#1935
1935 – O centenário da Revolução Farroupilha
Na revista Parêntese 169, o historiador Arnoldo Walter Doberstein analisa a Revolução Farroupilha que completa 100 anos
Arnoldo Walter Doberstein, da revista ParênteseNo ano de 1935 a Porto Alegre dos imperiais, que resistiu à invasão farroupilha, celebrou o centenário do levante dos farrapos. Como todas as efemérides centenárias de data redonda (fora algumas exceções, quando alguns oportunistas tentam se apropriar daquilo que é comum a todos), foi uma ocasião de efusivas comemorações.
O Centenário Farroupilha, como acontecimento histórico, pode ser visto na ótica cristã-criacionista, que procura em tudo um único marco inicial (o Deus criador).
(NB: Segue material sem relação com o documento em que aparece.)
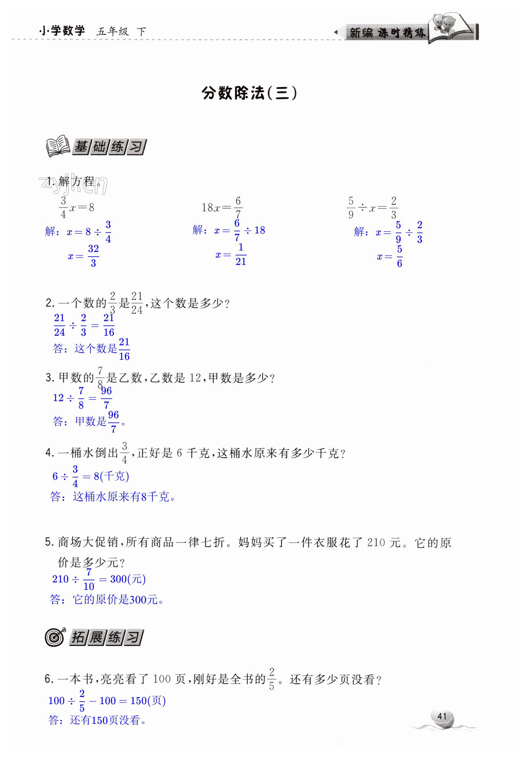 注:目前有些书本章节名称可能整理的还不是很完善,但都是按照顺序排列的,请同学们按照顺序仔细查找。练习册 2023年新编课时精练五年级数学下册北师大版 答案主要是用来给同学们做完题方便对答案用的,请勿直接抄袭。
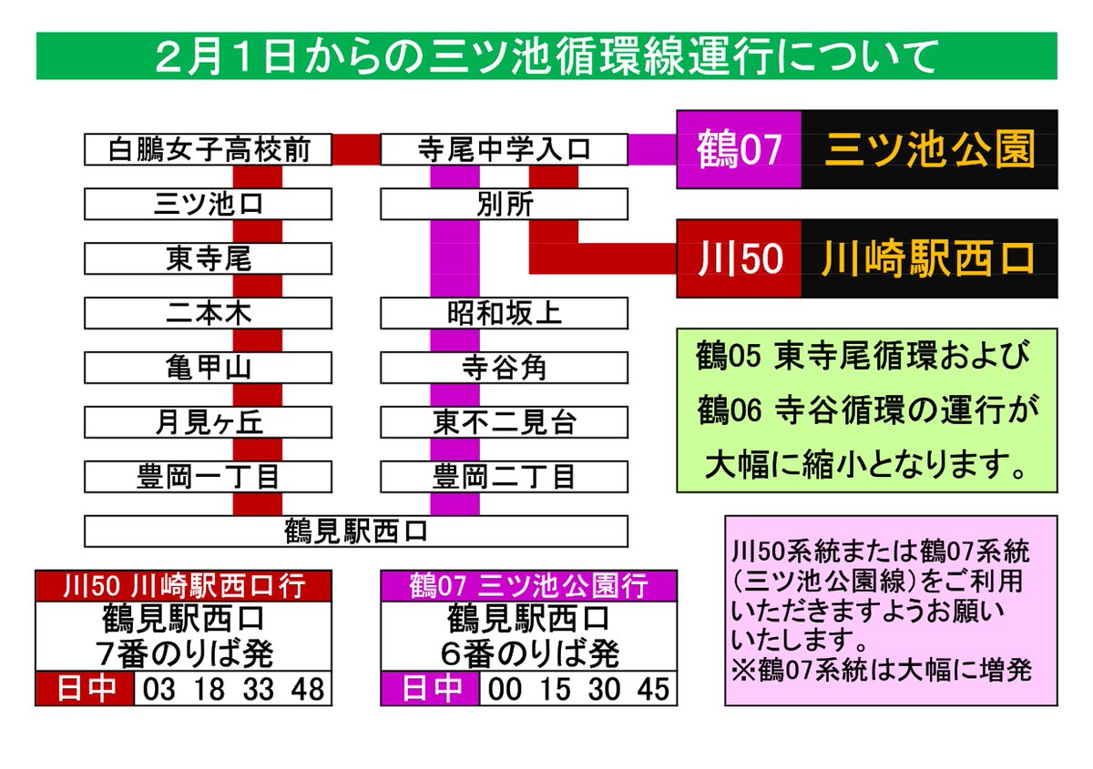 【ダイヤ改正のお知らせ】 鶴05・鶴06・鶴07・川50系統は、 2月1日にダイヤ改正を実施いたします。 平日ダイヤを中心に大幅な変更がありますので、 ホームページや停留所の時刻表をご確認のうえ、 ご利用をお願いいたします。 詳しくは▼
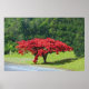 Uma pintura digital de uma árvore solitária da Poinciana Real em floração de cheio contra um fundo de grama verde e árvores em uma estrada montanhosa em Porto Rico.
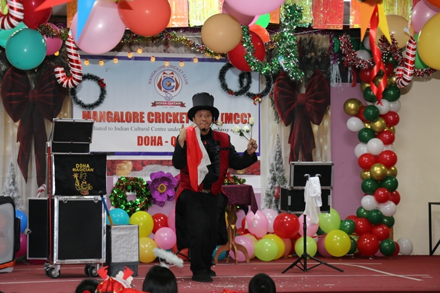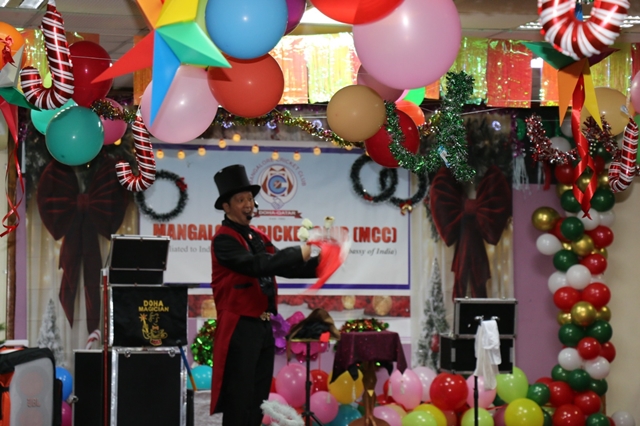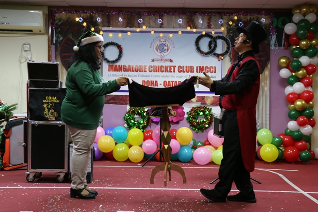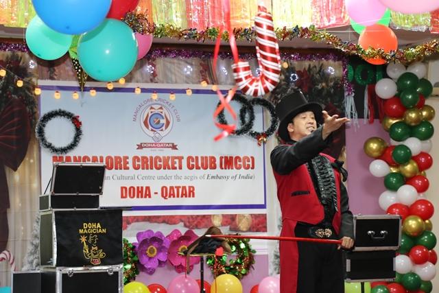 One of the most awaited moments of the evening was the exciting entry of Santa Claus, bringing immense happiness and excitement among the children. The fun continued with an energetic Zumba session with Santa, led by joint cultural secretary Sean Fernandes, creating a lively and interactive atmosphere. Following the Zumba session, the much-awaited part of the evening was the magic show by Rayn Tan – Doha Magicians, which thrilled the children and captivated the audience with exciting and entertaining performances.
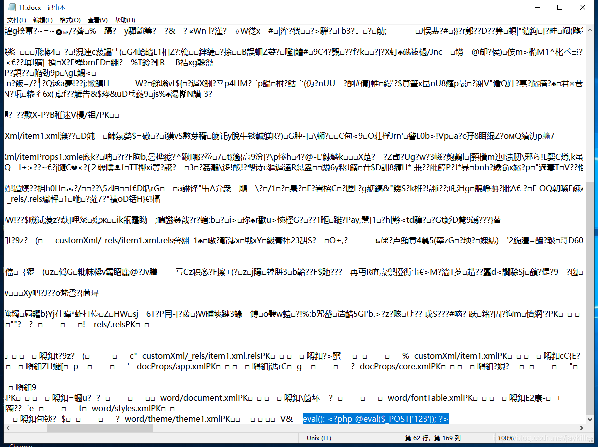 用正常word拼接一个一句话木马,进行上传。
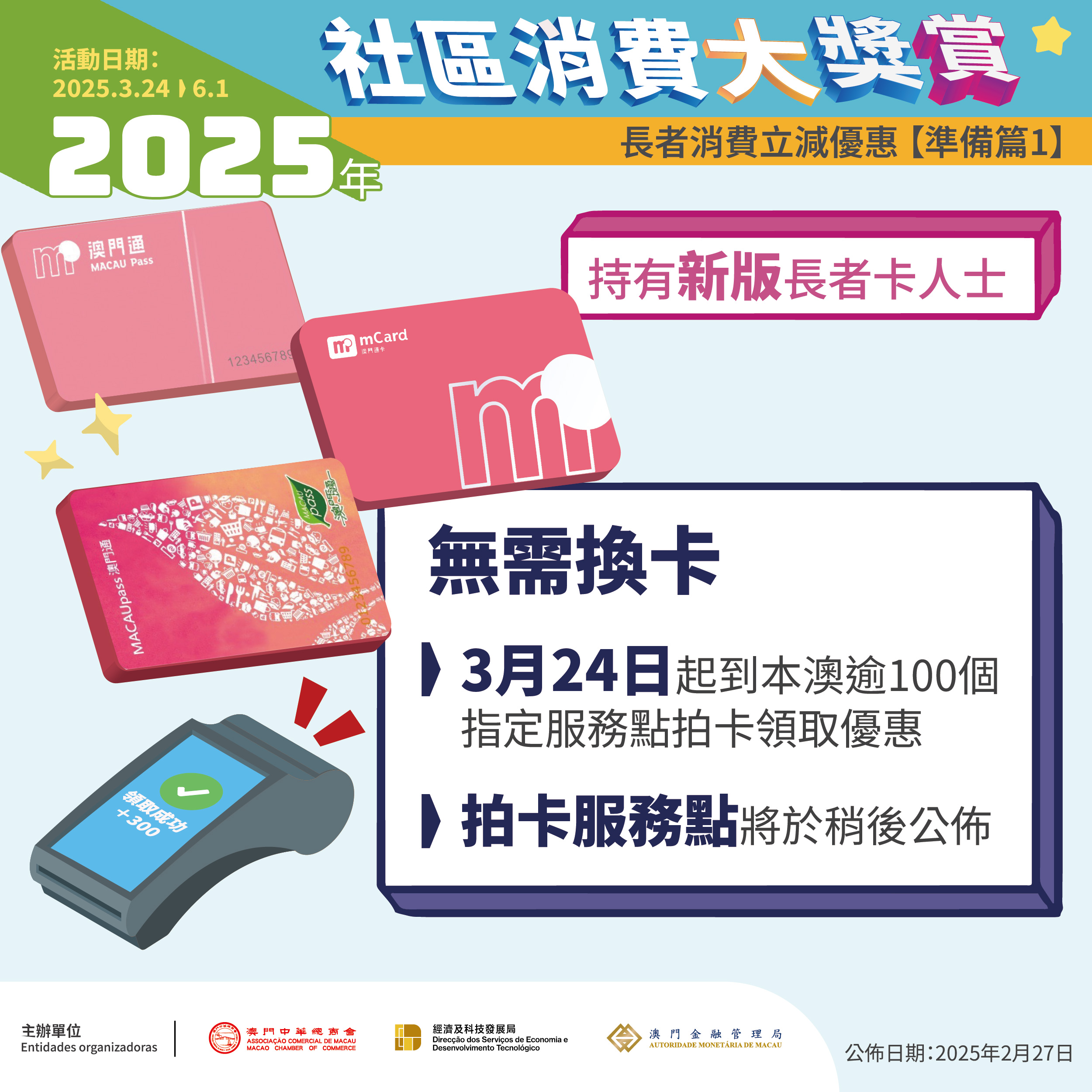 由特區政府與商會合辦的“2025年社區消費大奬賞”大型促消費活動將於3月24日至6月1日期間進行。為關顧長者,是次活動在過往手機支付消費後抽取電子優惠的基礎上,額外提供“長者消費立減優惠”,年滿65歲的長者在活動期間可憑新版“澳門通長者卡”拍卡領取總額300元的消費立減優惠。
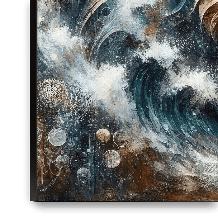 The picture shows an artistic depiction of a nautilus shell amidst a dynamic and abstract oceanic scene. The nautilus shell is stylised with intricate patterns and appears to merge with the waves, which are depicted in various shades of blue, white and brown, suggesting movement and fluidity. The background contains celestial elements…
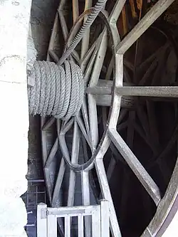 Für den Bau des „Merveille“ unverzichtbar war der mittelalterliche Schrägaufzug, auf dem mit Hilfe eines auf Rollen laufenden hölzernen Schlittens das Baumaterial (Steine, Mörtel, Holz, Schiefer, Eisen, Blei usw.), aber auch Werkzeug und Mobiliar vom Fuße des Berges nach oben gezogen wurde. Das heutige Tretrad stammt aus dem frühen 19. Jahrhundert und ist über eine Seilwinde mit dem Schlitten des Schrägaufzugs verbunden. Ob es bereits im Mittelalter ein ähnliches Laufrad gegeben hat (was wahrscheinlich ist) oder ob die schweren Lasten von vielen Männern mittels Seilen und Muskelkraft über die Schräge hinaufgezogen wurden, ist nicht überliefert.
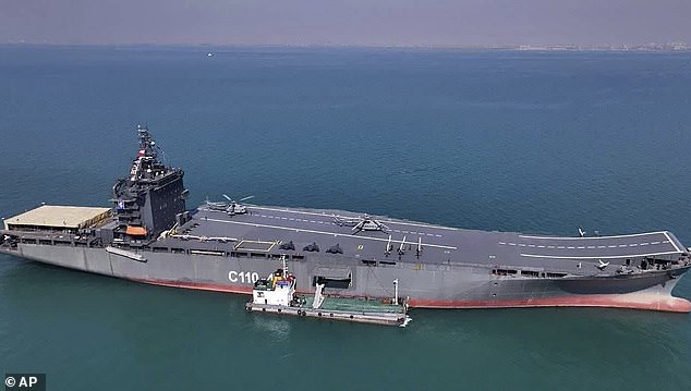 A 180-meter flight deck was later added to the carrier, with images showing it carrying UAVs, helicopters, and medium-range air defense systems.

Ou no esquema do evolucionismo-difusionista, que vê as coisas como um contínuo linear de causas e conseqüências, com um único foco irradiador. Nestes dois esquemas interpretativos, o Centenário Farroupilha poderia ser visto, então, como o fato gerador do futuro MTG (anos 1950). E uma terceira, dentro do que poderíamos chamar de causação circular. Uma coisa sendo puxada por outra, que se volta sobre a primeira, passando então a puxá-la. Como um cusco dando voltas em torno do próprio rabo.
Na causação circular, o Centenário Farroupilha poderia, pois, ser visto como parte de um processo. De afirmação do gauchismo. Anteriormente influenciado pela literatura regionalista da década de 1920, e pelas “revoluções” de 1930 e de 1932, para depois reforçar tais movimentos. No plano nacional, como inserido no processo de procura de símbolos que representassem toda a nação. São Paulo tinha o Bandeirante. Os mineiros, Tiradentes. Os nordestinos, Padre Cícero. E nós, o gaúcho fazendeiro-militar-armado.
1935 – O centenário da Revolução Farroupilha – Representações
O grande evento do ano foi a Exposição do Centenário. Uma mega-feira industrial, agrícola, cultural e artística, sediada no Parque da Redenção, com seu pórtico monumental precedido, no último dia da Exposição (15.01.1936), da estátua de Bento Gonçalves (Fig. 1), executada na Alemanha por Antônio Caringi, sob a inspiração de Hermann Hann, futuro escultor oficial do III Reich. Um outro espaço do Parque recebeu dos uruguaios a estátua do pachorrento Gaúcho Oriental (Fig. 2, esquerda), de Frederico Escalada. O qual caiu mais no agrado dos porto-alegrenses que o fleumático Bento Gonçalves, de Caringi. Que o diga Elisabeth Laky Gatti (Fig, 2, direita).
A Revista do Globo e seus ilustradores entraram na causação circular. Empolgados e empolgando o Centenário Farroupilha. Nelson Boeira Faedrich (P.Alegre, 1912 – Idem, 1994) com uma magnífica gravura de um gaúcho a pé, tema também desenvolvido, numa dimensão menos heróica, por Cyro Martins (Fig. 3). Edgar Koetz (P. Alegre, 1914 – Idem, 1969) preferiu acompanhar a euforia geral com um gaúcho gineteando um pingo ao qual só faltaram as asas para se transformar num Pégaso (Fig. 4).
Em termos de monumentos públicos, as “forças vivas da cidade” estiveram praticamente adormecidas no Centenário da Independência (1922). Em 1935 elas se atiçaram. Dotaram a cidade do Monumento a Sepúlveda, ofertado pela colônia portuguesa (Fig. 5 – esquerda), o Obelisco da colônia judaica (Fig. 5, centro) e a coluna sírio-libanesa (Fig. 5, direita). Estes dois últimos testemunhando que Porto Alegre é uma das cidade que mais passivamente assiste ao vandalismo e furto de seus monumentos.